RECORDS SUPPLIED: Begin

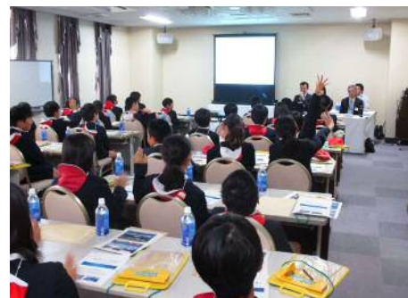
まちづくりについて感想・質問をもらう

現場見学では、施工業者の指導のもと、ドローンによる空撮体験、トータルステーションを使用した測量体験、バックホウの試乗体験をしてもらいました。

RECORDS SUPPLIED: End
RECORDS SUPPLIED: Begin

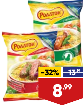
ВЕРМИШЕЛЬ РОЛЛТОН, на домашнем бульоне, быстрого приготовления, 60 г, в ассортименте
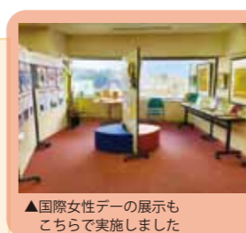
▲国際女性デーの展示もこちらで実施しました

RECORDS SUPPLIED: End

- **WORK TO BE COMPLETED**
Among the records above, a stretch begins at the line containing "まちづくりについて感想・質問をもらう" and ends at the line containing "現場見学では、施工業者の指導". Restate that stretch word for word, and nothing else.

- **SOLVED EXERCISE**
まちづくりについて感想・質問をもらう

現場見学では、施工業者の指導のもと、ドローンによる空撮体験、トータルステーションを使用した測量体験、バックホウの試乗体験をしてもらいました。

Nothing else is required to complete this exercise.